Chitosan/wood sawdust/magnetite composite membranes for the photodegradation of agrochemicals in water

Agrochemicals are potential environmental pollutants due to their toxicity and resistance to degradation. Suitable water, soil and sediment remediation methods are needed to mitigate the environmental impacts of the application of agrochemicals on crops. In this work, chitosan/sawdust/magnetite composite membranes (catalysts) were synthesized, characterized using Fourier-transform infrared (FT-IR) spectroscopy, thermogravimetric analysis (TGA), differential scanning calorimetry (DSC), scanning electron microscopy (SEM) and X-ray diffraction (XRD) and used for the photodegradation of agrochemicals [2,4-dichlorophenoxyacetic acid (2,4-D) as pollutant model] in water. FT-IR spectra confirmed the presence of chemical groups in the membrane chains. TGA indicated that the membranes have suitable thermal stability for the photodegradation of 2,4-D in water. SEM images indicated morphological changes after varying the chemical composition of the membrane. X-ray diffractograms indicated the presence of different average crystallite sizes in the membrane chains.
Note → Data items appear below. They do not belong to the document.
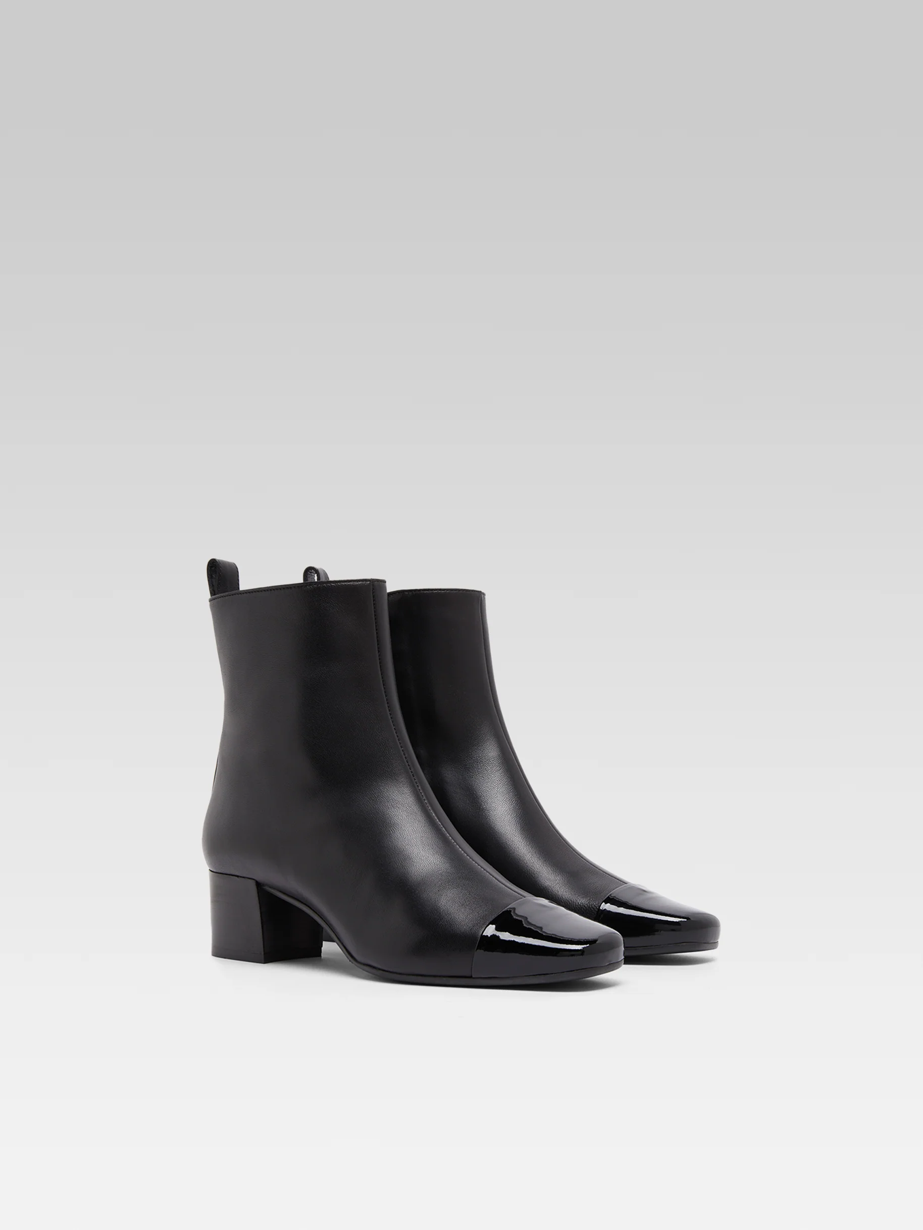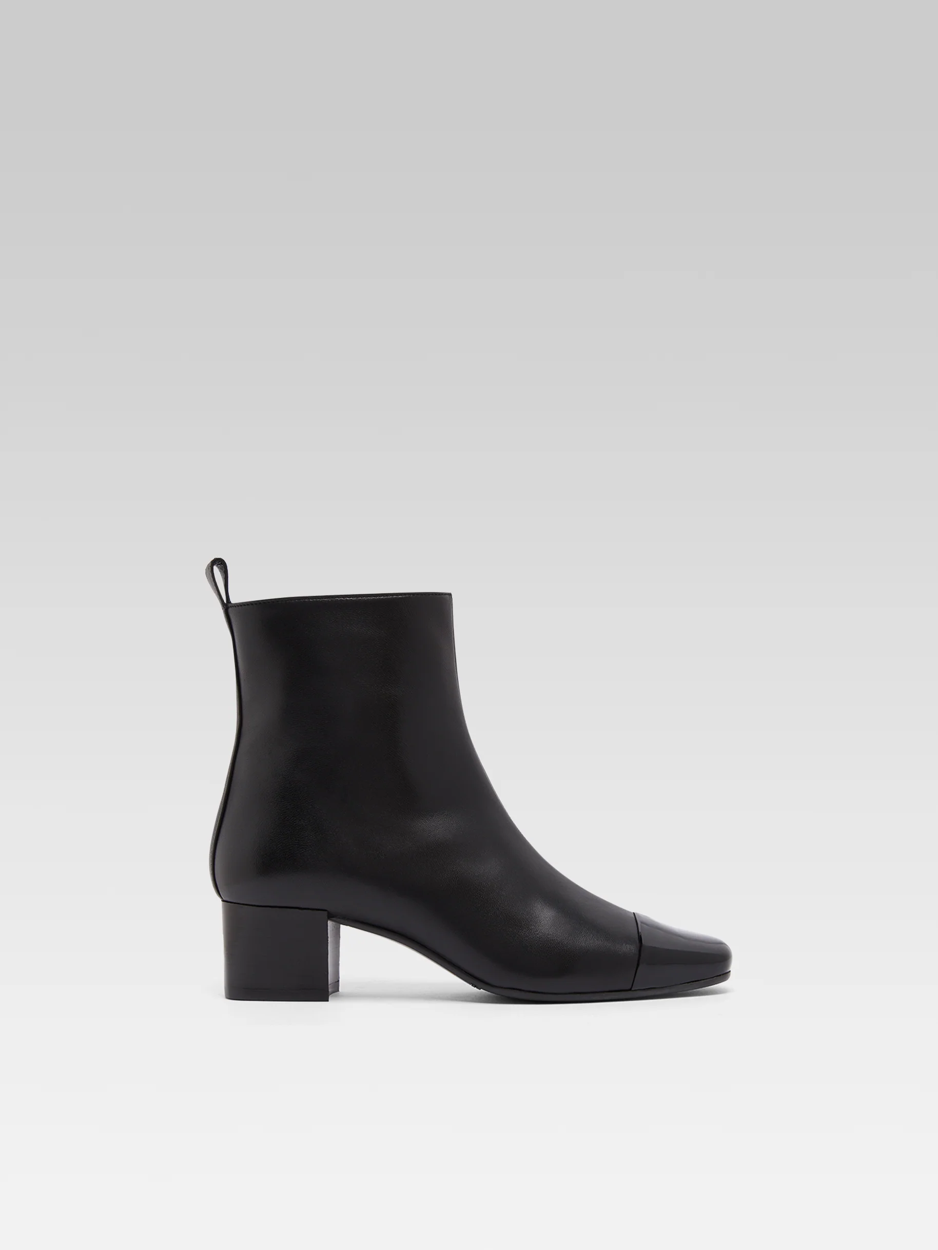 This sixties-inspired ankle boot embodies the signature of the Carel house with its contrasting straight toe. Distinguished by its trotter heel which provides comfort and stability, an ankle boot with clean lines that adapts to all looks.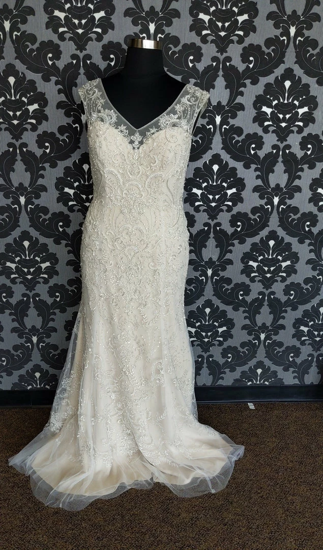 Something Blue Essense D2388 Wedding Dress Size 12 Lace/Chiffon Ivory Sleeveless WEDDING DRESSES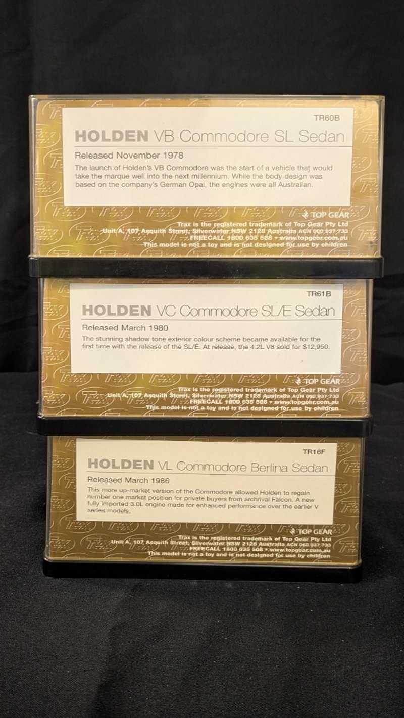 Trax Original Motoring Legends Die Cast Model Cars Holden VB Commodore SL Sedan TR60BHolden VC Commodore SL/E Sedan TR61BHolden VL Commodore Berlina Sedan TR16F

The photodegradation efficiency of 2,4-D was affected by the pH and temperature of the aqueous solutions as well as the magnetite content incorporated in the membrane chains. The multilayer formation of magnetite in the membrane structure and the intermolecular interactions between the magnetite and wood fiber affected photodegradation efficiency due to the blocking of UV radiation. The optimal experimental conditions for the photodegradation of 2,4-D in water were i) magnetite content of 5 wt% in the membrane chain, ii) pH 6.0 and iii) temperature of 25 °C. Chitosan/sawdust/magnetite composite membranes proved to be potential catalysts for the photodegradation of agrochemicals in water and wastewater purification processes. Moreover, these membranes can be reused in successive photodegradation cycles.